COA tells GSIS to go after 21 firms owing P2.11 billion
The Government Service Insurance System (GSIS) should go after private companies whose loans amounting to more than P2 billion remain unpaid, with accumulated interest reaching more than P800 million, according to the Commission on Audit (COA).
In a 140-page report, state auditors noted that the loans granted by the GSIS to 21 delinquent private companies have remained uncollected for 24 to 53 years.
According to the COA, this was due to the “absence of concrete action plan” of the GSIS to recover the unpaid loans amounting to P2.11 billion, with accrued interest worth P823.15 million.
“[This] resulted in the opportunity loss to reinvest and yield incremental income, wastage of government funds, as well as the possibility that these private loans would remain recorded as fully impaired in the books of accounts over an indefinite period of time,” the COA said in its report dated June 6.
State auditors did not name the 21 delinquent borrowers, but provided information on each company.
The biggest, identified only as “Company 1,” had a loan amounting to P600 million that remains unpaid for the past 25 years.
Failure to foreclose
The COA report stated that “Company 1” was a property developer whose loan security included water theme parks, condominium units, and houses and lots in a residential subdivision.
Citing the GSIS records, state auditors found that the borrower was “in default” in paying the loan, prompting the state pension fund to foreclose some of its properties in 2003.
These included Water Fun in Muntinlupa City and Quezon City; 102 units in St. John Condominium in Quezon City; 366 lots in Mary Homes Subdivision in Cavite, and the rights to 240 units in Metro Homes in Manila.
The GSIS records showed that the loan for this borrower was approved on Dec. 10, 1997, and was payable for five years at an interest rate of 18 percent a year.
Another big borrower flagged by the COA and identified only as “Company 3” obtained a P353.99-million loan from the GSIS on Aug. 26, 1994, payable over seven years at an interest rate of 16 percent annually.
“Records disclosed that no payment was made by the borrower on the loan secured by properties with aggregate loanable value of P400.898 million at the time of loan granting,” the COA report noted.
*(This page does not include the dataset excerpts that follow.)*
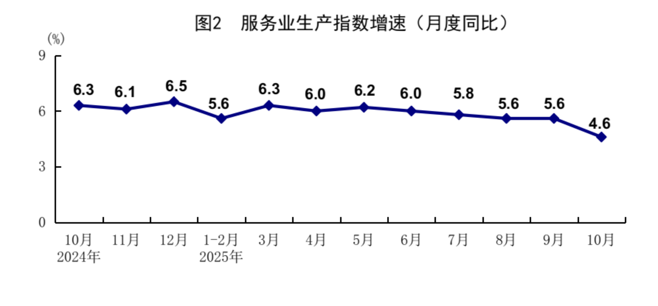 10月份,全国服务业生产指数同比增长4.6%。分行业看,信息传输、软件和信息技术服务业,租赁和商务服务业,金融业生产指数同比分别增长13.0%、8.2%、5.6%,分别快于服务业生产指数8.4、3.6、1.0个百分点。1-10月份,全国服务业生产指数同比增长5.7%。1-9月份,规模以上服务业企业营业收入同比增长7.6%。10月份,服务业商务活动指数为50.2%,服务业业务活动预期指数为56.1%。其中,铁路运输、航空运输、邮政、住宿、文化体育娱乐等行业商务活动指数位于60.0%及以上高位景气区间。
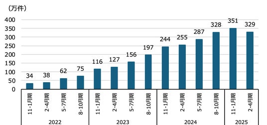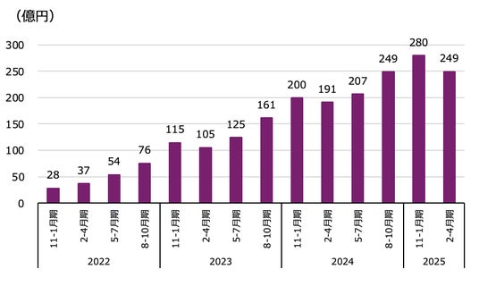 ・2025年2Q(2025年2-4月期)の総賃金額(実績)は249億円(前年同期比+30.4%)
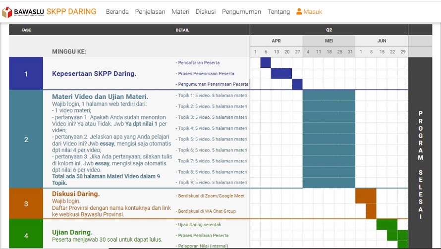 Setelah mengikuti diskusi Daring, tahapan berikutnya semua peserta melaksanakan ujian Daring. Tahapan ini untuk menentukan kelulusan sebagai peserta SKPP Daring yang diselenggarakan oleh Bawaslu RI.
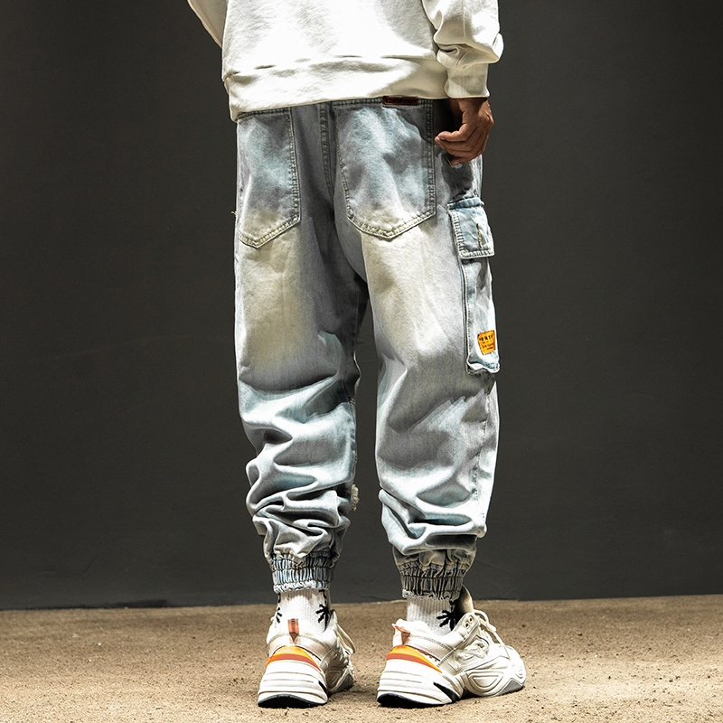 Drawstring feet fashion light blue hole tooling jeans men's fashion brand loose trousers 2021 new summer trend
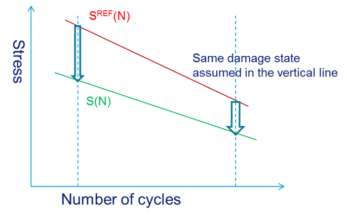 In the Master SN Curve approach, you start with an SN curve for a given orientation. From this SN curve, you then read the stress amplitude for a reference life (for high cycle fatigue it is about 10,000, 100,000, or a million cycles). Then, the damage from this stress level is calculated on a microscopic level. Then for the target fiber orientation, iterate the applied stress amplitude until you have exactly the same damage. Consequently, we know the damage that corresponds to the stress on the material volume, for a given orientation.  This information is then used to shift the Master SN curve. The described procedure is repeated for multiple points to account for a change in the slope of the SN curve.
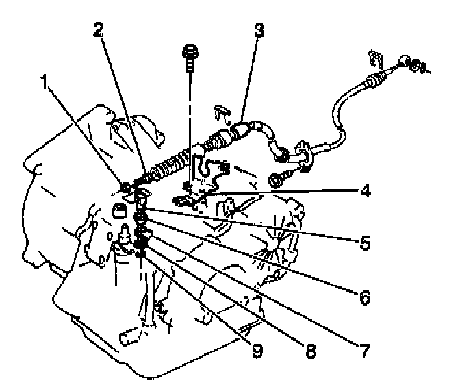 1. Install the shift select cable (3) and the grommet through the bulkhead. Secure the cable with 2 bolts.
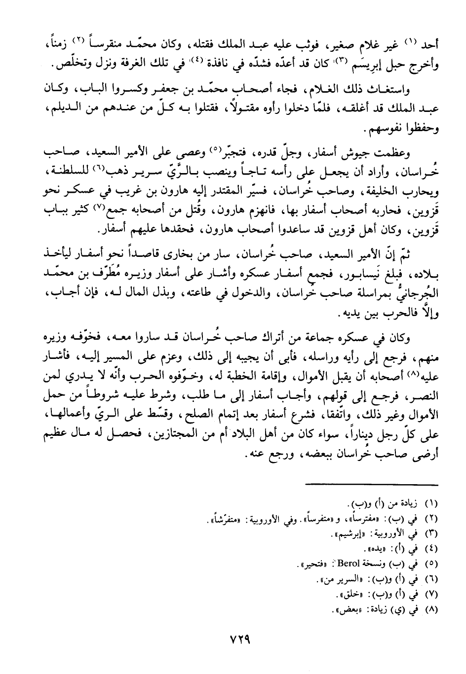 أَحَدٌ غَيْرَ غُلَامٍ صَغِيرٍ، فَوَثَبَ عَلَيْهِ عَبْدُ الْمَلِكِ فَقَتَلَهُ، وَكَانَ مُحَمَّدٌ مُنَقْرَسًا زَمِنًا، وَأَخْرَجَ حَبْلَ إِبْرَيْسَمَ كَانَ قَدْ أَعَدَّهُ فَشَدَّهُ فِي نَافِذَةٍ فِي تِلْكَ الْغُرْفَةِ وَنَزَلَ وَتَخَلَّصَ.
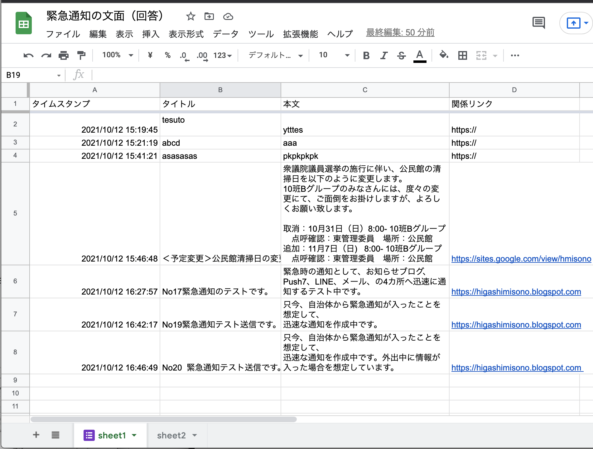Googleフォームは、取得データをGoogleSSへ格納するという画期的な仕組みにより瞬時にグラフや分析が行われる優れものです。しかし、今回、最も単純な、通知文のタイトルと中身を記入する、それをそのまま発信に結びつける。ただそれだけ。なんでこんな簡単なことができないのか。と悩んでしまった。。

Auditors also noted that the GSIS did not foreclose the properties assigned by the borrower as collateral for the loan despite the firm’s failure to pay.
Among those listed as collateral of “Company 3” were Adelina Complex 3, Phases 4, 5, and 6 in Biñan, Laguna; Adelina Complex Extension in Trece Martires, Cavite, and properties in Xavierville Avenue in Quezon City and in Pacita Complex I in San Pedro, Laguna.
One of the 21 companies listed by the COA was the state-owned Philippine Ports Authority (PPA), but auditors pointed out that this was not a loan contract but an agreement wherein the GSIS would fund the proposed development and construction of the Manila International Port/International Cargo Terminal.
The GSIS was to set aside an amount not exceeding P85 million to be used for the reclamation, land development, and construction of buildings, according to the COA.
It was not mentioned when the agreement was made, but state auditors said the outstanding balance by the PPA has been unpaid for the past 46 years.
Under Presidential Decree No. 1284, the responsibility of developing and further enhancement of the International Cargo Terminal had been transferred to the PPA, but prior to the transfer, the COA said the GSIS was able to extend P2 million to finance the Manila International Ports Terminal Inc. (Mipti) project.
The same decree required the PPA to reimburse the GSIS the “actual reasonable expenses” determined by a committee composed of representatives from the COA, PPA and Mipti.
Based on the committee’s findings, the “actual and reasonable expenses” incurred by Mipti were only P1.38 million, leaving an unaccounted balance of loan worth P619,000.
“When GSIS sent a collection letter to PPA for the collection of the said amount in CY 2000, PPA refused to pay the amount, contending that they have already paid the amount as evidenced by two official receipts issued by GSIS in CY 1978,” the COA said, adding that the P1.38 million “remained in the books of GSIS as part of the loan accounted” as of Dec. 31, 2022.
“It is worth mentioning that GSIS considered the amount as loan and computed interest and surcharges,” it added.
State auditors reiterated its recommendation in the previous years, such as the creation of a task force, committee or team that would focus on the recovery of outstanding private loans with interests and surcharges.
It also told the GSIS to update the total loan balances of the accounts and formulate a concrete action plan for the recovery of the loans.
The GSIS was also told to file criminal or civil cases that need to be pressed against some of the 21 companies and for the agency to “identify and resolve” factors that caused the delays in reaching final settlement agreements and negotiations with the borrowers.